Saved data entries:
══════════════════════════════

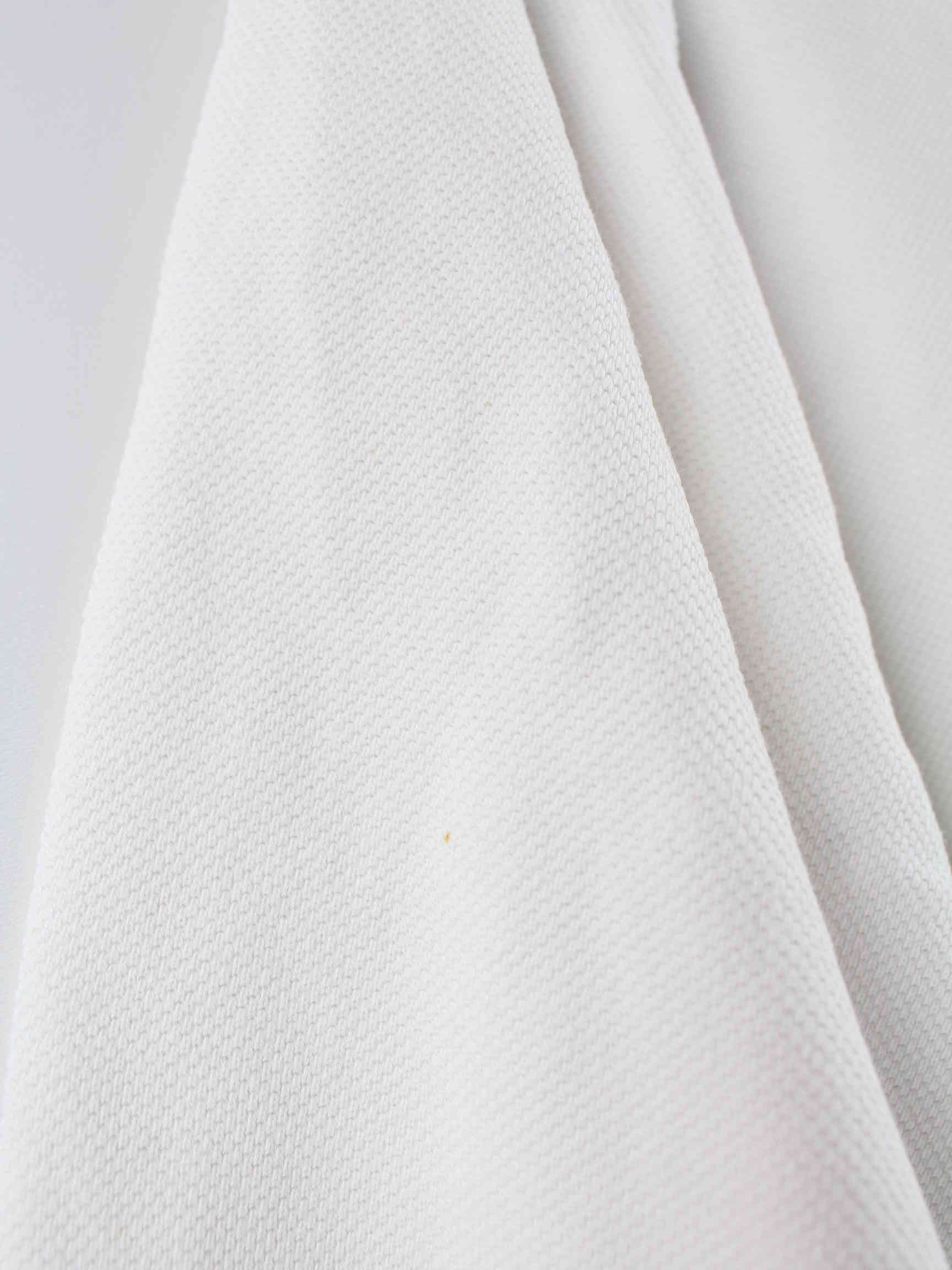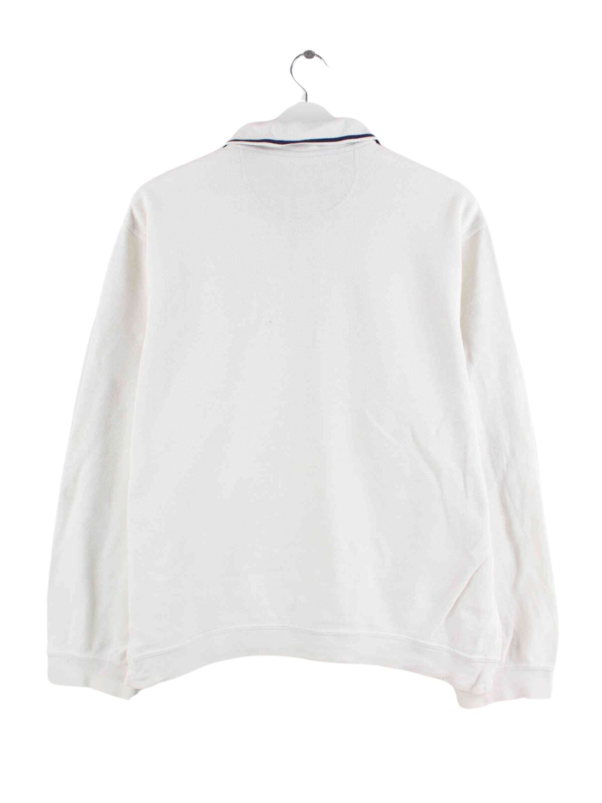 Sweater from the Lacoste label in size M. It is made from a cotton blend and is available in white.
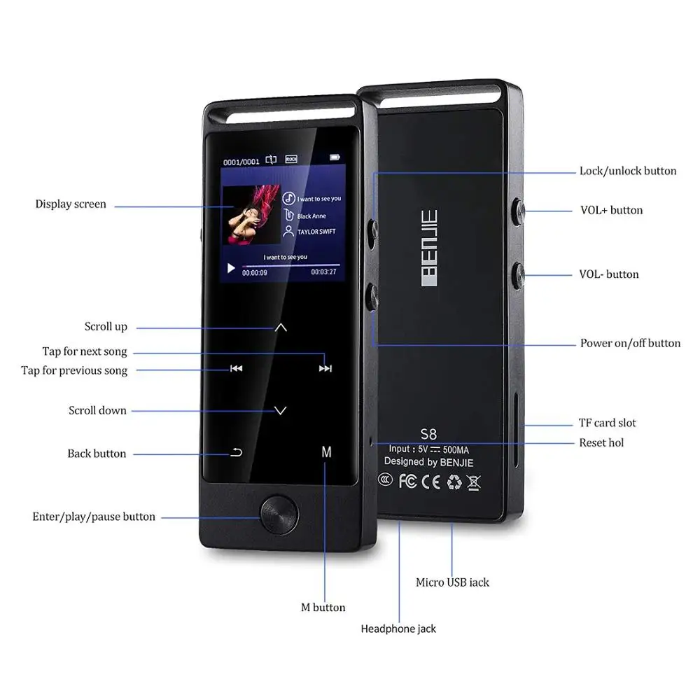 Product Name: Odtwarzacz MP3 Bluetooth oryginalny przycisk dotykowy BENJIE S8 Metal APE WAV wysoka jakość dźwięku podstawowy bezstratny odtwarzacz muzyki z FM
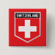 Die Nationalflagge der Schweiz ist in eine Schildform eingegossen, die auch das Set des Landesnamens über der Fahne hat.
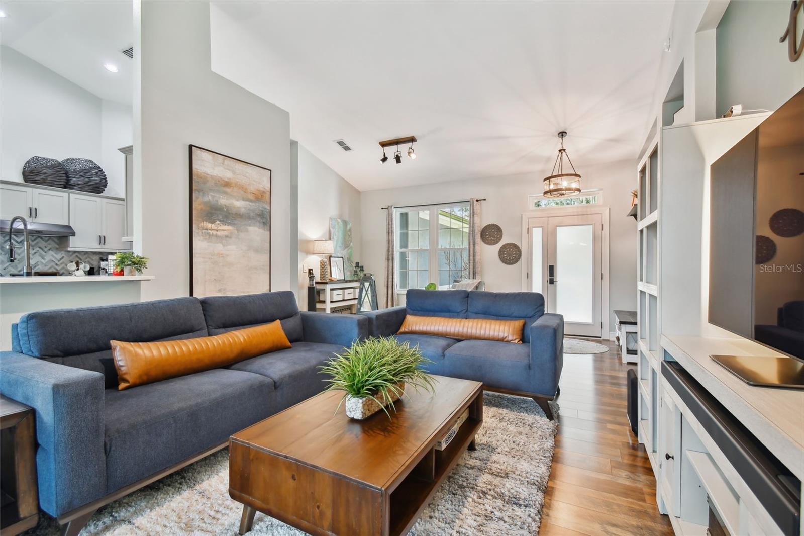 Completamente atualizado com todos os novos acabamentos por dentro e por fora. Esta casa de piscina lindamente renovada está situada na comunidade de golfe segura e dependente do River Hills Country Club e é dividida em escolas de melhor classificação. Apresentando três quartos e dois banheiros, a propriedade possui uma cozinha gourmet com utensílios de aço inoxidável preto, bancadas de quartzo e armários de close de close macio no estilo Shaker. Tetos abobadados e portas de vidro deslizantes na sala estendem o espaço para a área serena de Lanai e piscina, completa com uma característica de água no estilo de pedra e fontes de fluxo lateral. A suíte primária oferece um closet personalizado e um banheiro totalmente atualizado. É importante ressaltar que o seguro contra inundações não é exigido pelo credor atual. As atualizações significativas incluem um teto de 50 anos instalado em 2016, novo HVAC, aquecedor de água e janelas e portas com classificação de furacões adicionadas em 2022.
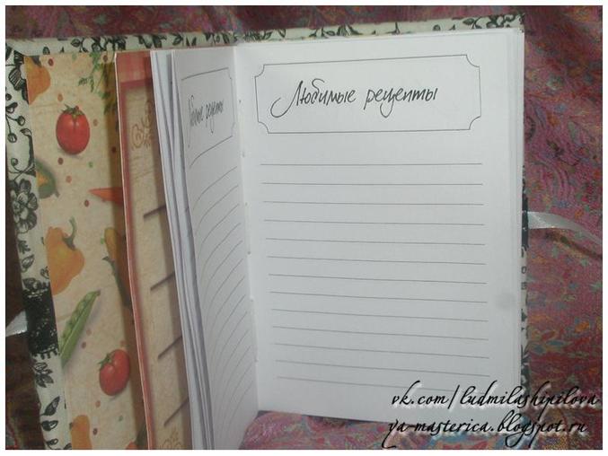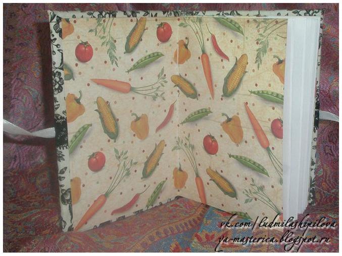 Еще один блокнотик делала в подарок сестре,она любит приготовит что-нибудь вкусненькое и чтобы не потерять любимые рецепты ей пригодился мой подарочек :)
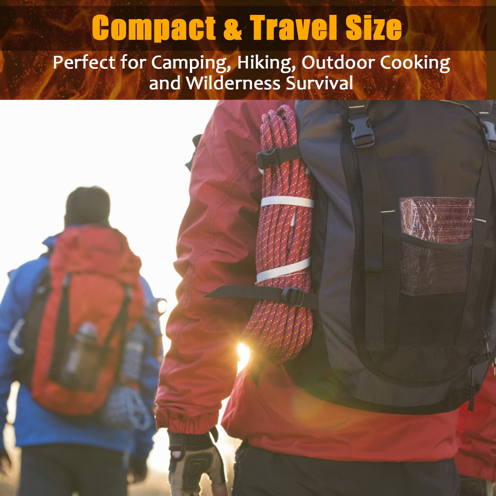 - DURABLE & LONG-LASTING FIRE STARTERS: A robust fire starter block burns up to 8-10 mintues, long enough to start a cozy fire on your fire pit, grill & fireplace. It's compact & lightweight to place into your backpack with the portable size of camp fire starters, to light a campfire for camping and hunting trips
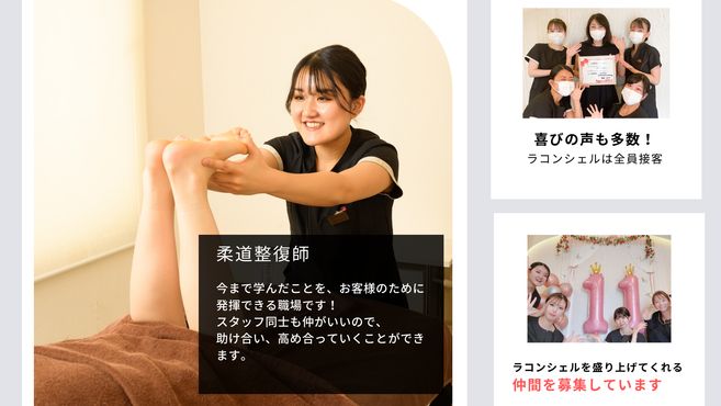 柔道整復師や鍼灸師などの国家資格を持ったスタッフやエステティシャン、元アパレル関係などの未経験者など幅広く活躍しています。
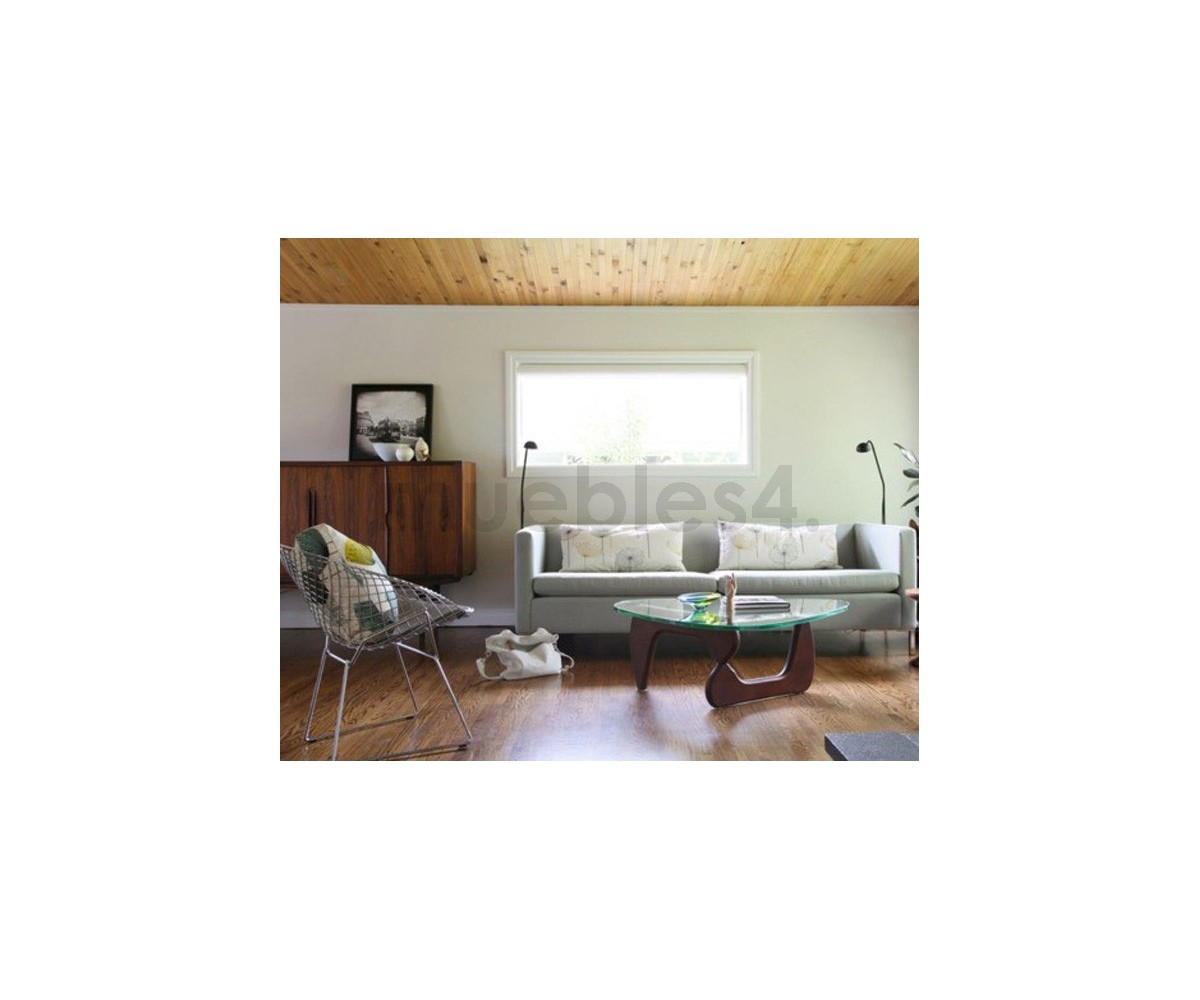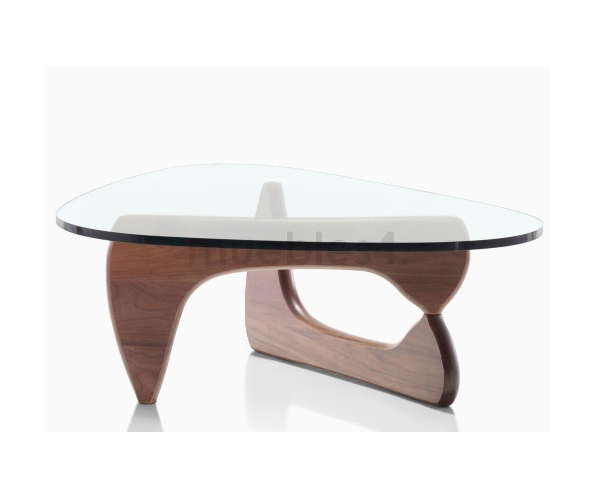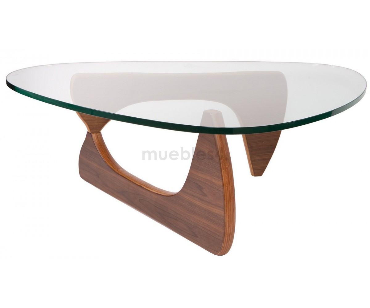 Mesa de centro inspirada en un diseño de Isamu Noguchi. Mueble escultórico, sobre dos elementos idénticos de madera en ángulo recto, sobre el que descansa un pesado tablero de cristal. Calificado como uno de los mejores diseño del Siglo XX, convirtiéndose en uno de los modelos favoritos de su creador.

══════════════════════════════

* _WORK ORDER_
Each line from the one containing "Еще один блокнотик" through the last line above should be retyped exactly, and no other line. Any picture is to be left out.

* _EXERCISE RESPONSE_
 Еще один блокнотик делала в подарок сестре,она любит приготовит что-нибудь вкусненькое и чтобы не потерять любимые рецепты ей пригодился мой подарочек :)
 - DURABLE & LONG-LASTING FIRE STARTERS: A robust fire starter block burns up to 8-10 mintues, long enough to start a cozy fire on your fire pit, grill & fireplace. It's compact & lightweight to place into your backpack with the portable size of camp fire starters, to light a campfire for camping and hunting trips
 柔道整復師や鍼灸師などの国家資格を持ったスタッフやエステティシャン、元アパレル関係などの未経験者など幅広く活躍しています。
 Mesa de centro inspirada en un diseño de Isamu Noguchi. Mueble escultórico, sobre dos elementos idénticos de madera en ángulo recto, sobre el que descansa un pesado tablero de cristal. Calificado como uno de los mejores diseño del Siglo XX, convirtiéndose en uno de los modelos favoritos de su creador.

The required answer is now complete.